[Dataset extract]
((
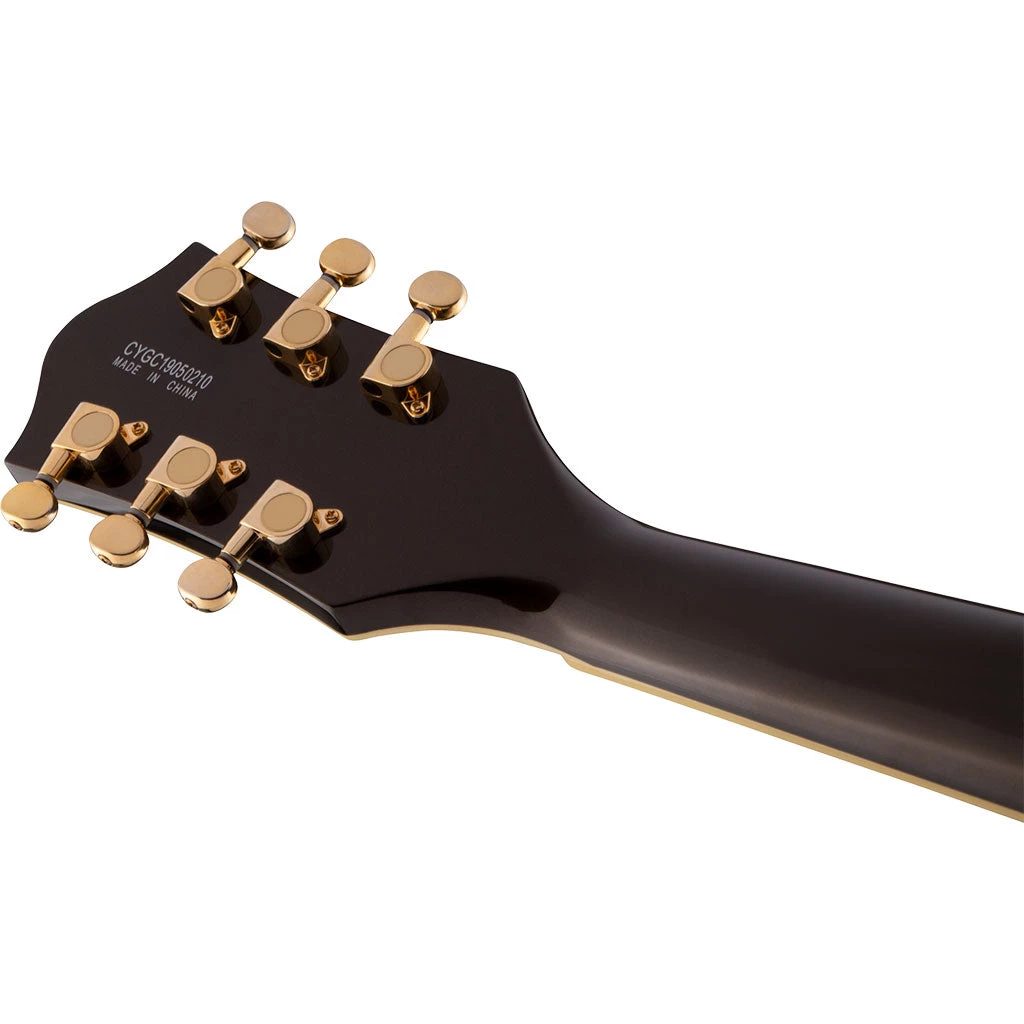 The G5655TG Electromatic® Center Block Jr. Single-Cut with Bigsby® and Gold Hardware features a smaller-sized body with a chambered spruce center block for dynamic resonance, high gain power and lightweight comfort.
))
((
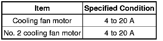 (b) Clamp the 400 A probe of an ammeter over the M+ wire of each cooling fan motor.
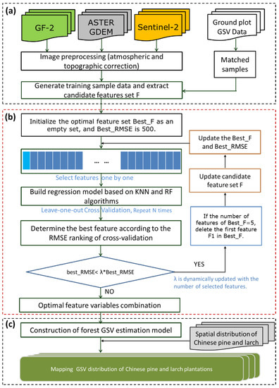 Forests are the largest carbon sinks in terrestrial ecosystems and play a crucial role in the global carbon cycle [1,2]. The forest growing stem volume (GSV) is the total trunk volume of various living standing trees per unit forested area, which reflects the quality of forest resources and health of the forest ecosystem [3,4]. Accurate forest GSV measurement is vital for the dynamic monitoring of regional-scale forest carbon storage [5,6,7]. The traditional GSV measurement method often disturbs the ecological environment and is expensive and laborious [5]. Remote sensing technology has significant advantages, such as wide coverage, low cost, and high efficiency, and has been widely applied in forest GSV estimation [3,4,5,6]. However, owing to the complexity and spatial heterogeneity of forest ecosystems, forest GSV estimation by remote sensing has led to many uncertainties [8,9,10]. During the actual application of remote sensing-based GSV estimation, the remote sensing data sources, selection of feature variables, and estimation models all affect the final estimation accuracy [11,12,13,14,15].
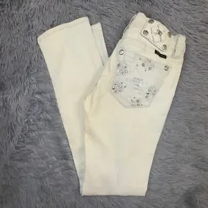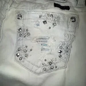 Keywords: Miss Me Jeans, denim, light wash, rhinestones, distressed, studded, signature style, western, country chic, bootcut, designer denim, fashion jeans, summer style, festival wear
))
((
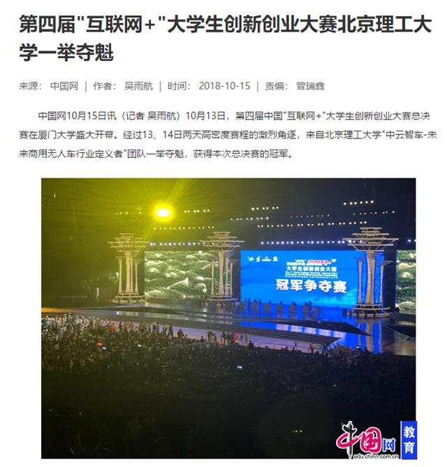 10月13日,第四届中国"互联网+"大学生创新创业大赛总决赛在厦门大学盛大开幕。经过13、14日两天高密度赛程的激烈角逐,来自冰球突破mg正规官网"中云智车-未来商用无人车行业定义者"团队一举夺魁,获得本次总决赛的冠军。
))
[Task to complete]
From the material above, output only the span of lines that starts at the one containing "(b) Clamp the" and finishes at the one containing "Forests are the", word for word and free of pictures.

[Result of the exercise]
 (b) Clamp the 400 A probe of an ammeter over the M+ wire of each cooling fan motor.
 Forests are the largest carbon sinks in terrestrial ecosystems and play a crucial role in the global carbon cycle [1,2]. The forest growing stem volume (GSV) is the total trunk volume of various living standing trees per unit forested area, which reflects the quality of forest resources and health of the forest ecosystem [3,4]. Accurate forest GSV measurement is vital for the dynamic monitoring of regional-scale forest carbon storage [5,6,7]. The traditional GSV measurement method often disturbs the ecological environment and is expensive and laborious [5]. Remote sensing technology has significant advantages, such as wide coverage, low cost, and high efficiency, and has been widely applied in forest GSV estimation [3,4,5,6]. However, owing to the complexity and spatial heterogeneity of forest ecosystems, forest GSV estimation by remote sensing has led to many uncertainties [8,9,10]. During the actual application of remote sensing-based GSV estimation, the remote sensing data sources, selection of feature variables, and estimation models all affect the final estimation accuracy [11,12,13,14,15].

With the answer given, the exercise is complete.